**DATASET CONTENT**
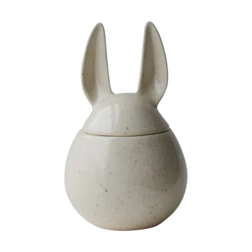 DBKD Eating rabbit skål lille er fremstillet af keramik og kan bruges både som opbevaringskrukke til småting og som serveringsskål til påskeslik. Takket være det smarte og søde låg holder slik sig frisk længere. Den bløde og minimalistiske silhuet med to kaninører er en moderne fortolkning af den klassiske påskehare og bliver en charmerende dekoration på bordet eller vindueskarmen til påske.
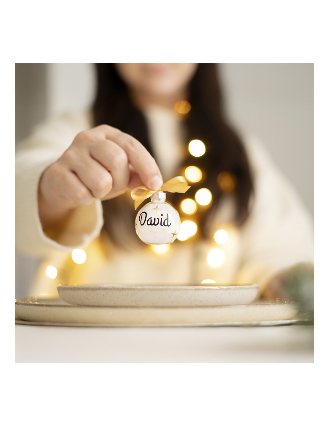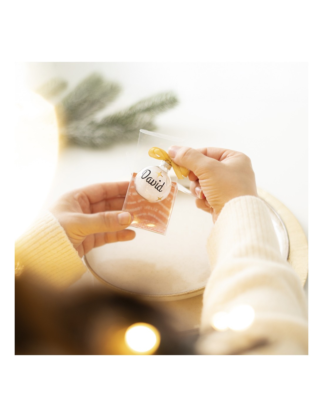 Marcasitio de Navidad de cristal de 4 cm, relleno de plumas blancas, personalizado con nombre en vinilo negro y decoración de estrellas doradas.
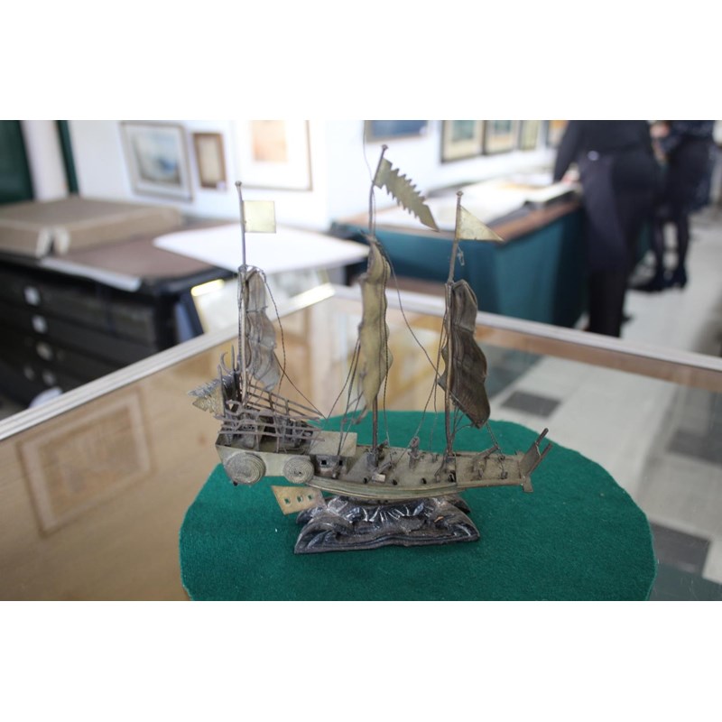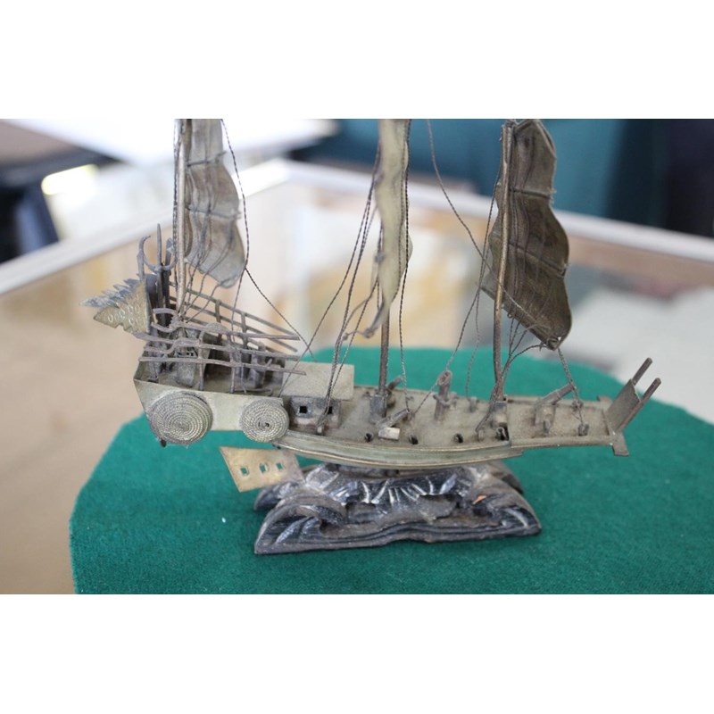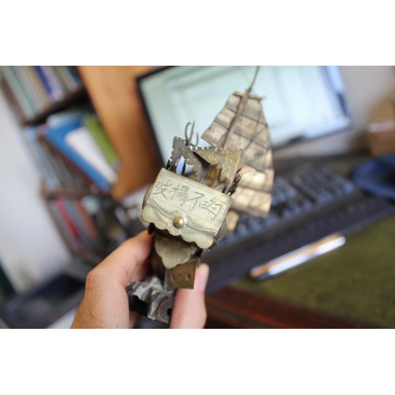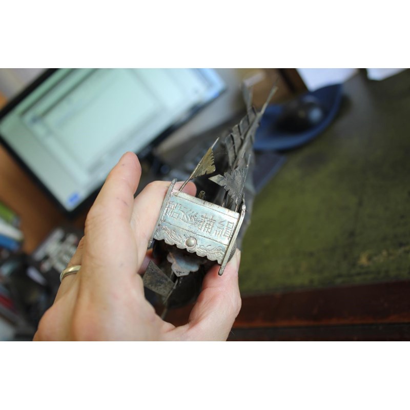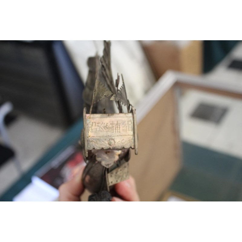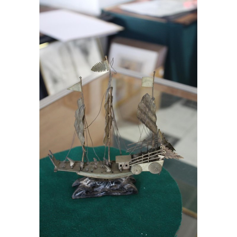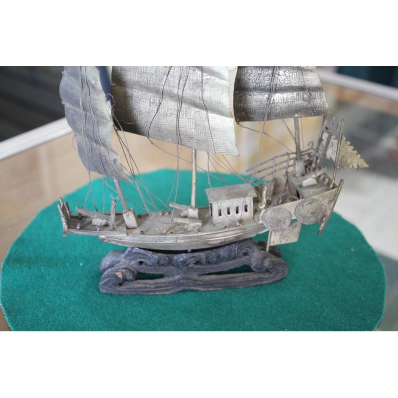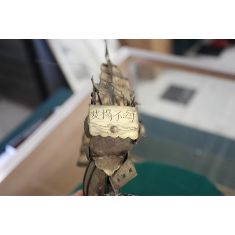 probably silver, the masted boats mounted on wooden stands. With Chinese character marks to the end of each boat, 22cms and 19cms high (including stands). (2)
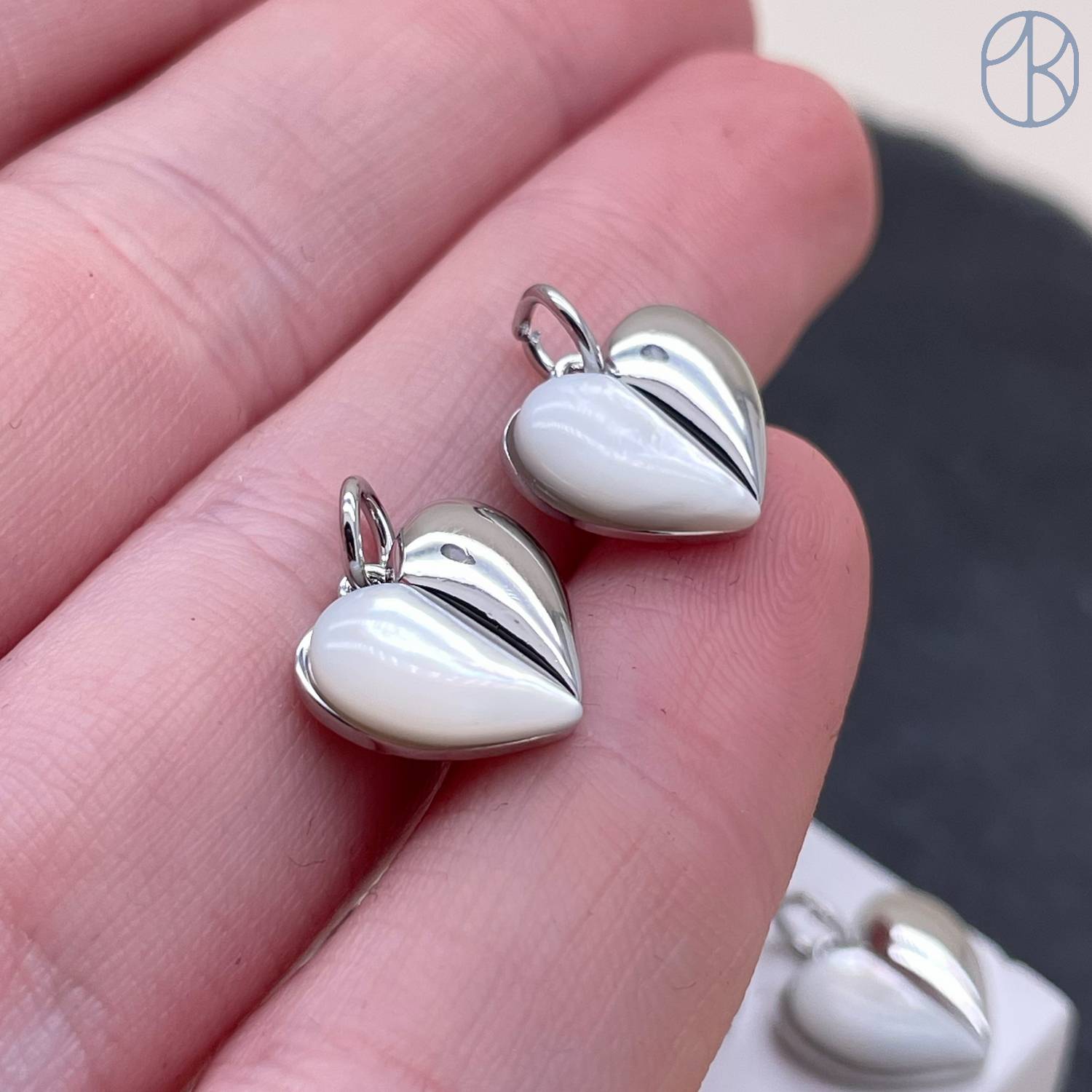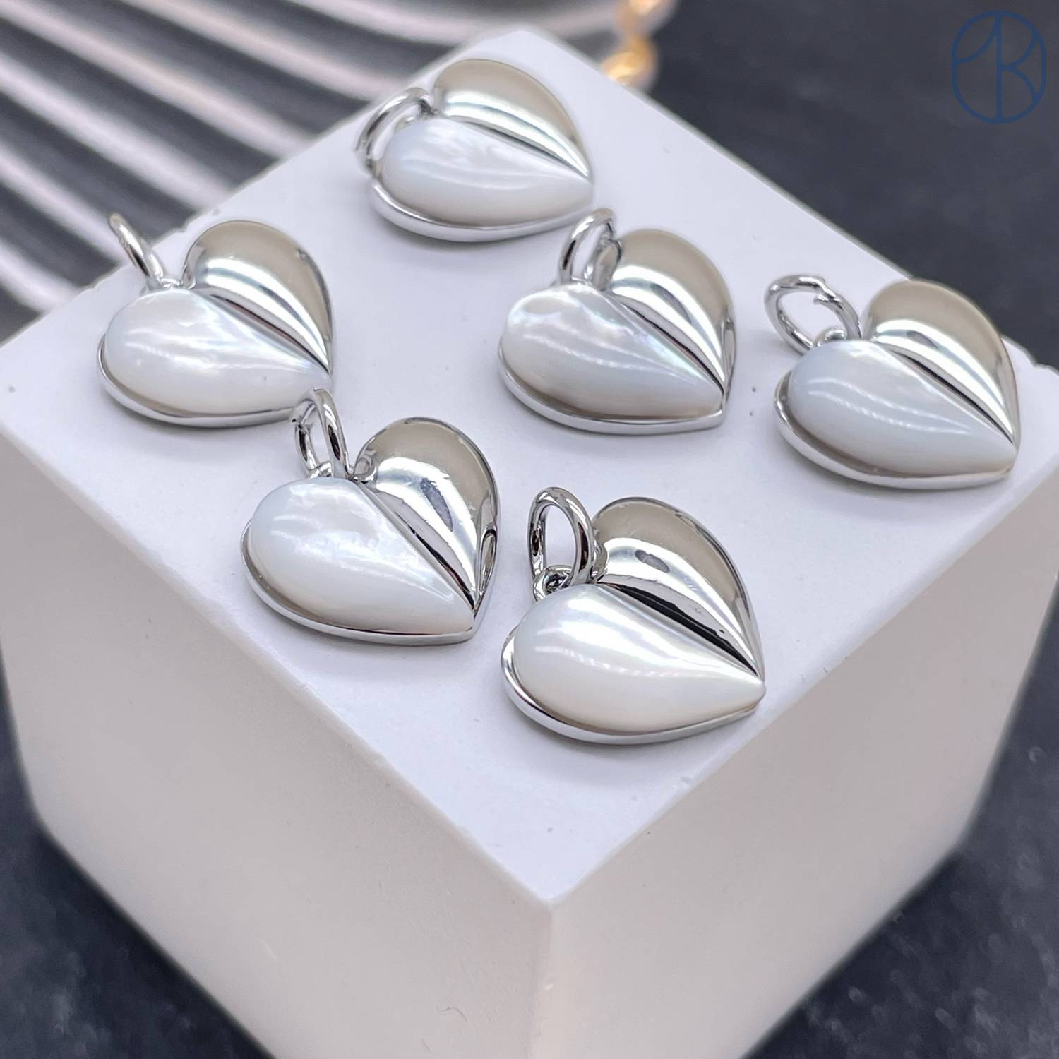 Подвеска сердце перламутр, цвет серебро 12 мм

**YOUR TASK**
Where pictures appear, skip them and transcribe all other material word for word.

**RESPONSE**
 DBKD Eating rabbit skål lille er fremstillet af keramik og kan bruges både som opbevaringskrukke til småting og som serveringsskål til påskeslik. Takket være det smarte og søde låg holder slik sig frisk længere. Den bløde og minimalistiske silhuet med to kaninører er en moderne fortolkning af den klassiske påskehare og bliver en charmerende dekoration på bordet eller vindueskarmen til påske.
 Marcasitio de Navidad de cristal de 4 cm, relleno de plumas blancas, personalizado con nombre en vinilo negro y decoración de estrellas doradas.
 probably silver, the masted boats mounted on wooden stands. With Chinese character marks to the end of each boat, 22cms and 19cms high (including stands). (2)
 Подвеска сердце перламутр, цвет серебро 12 мм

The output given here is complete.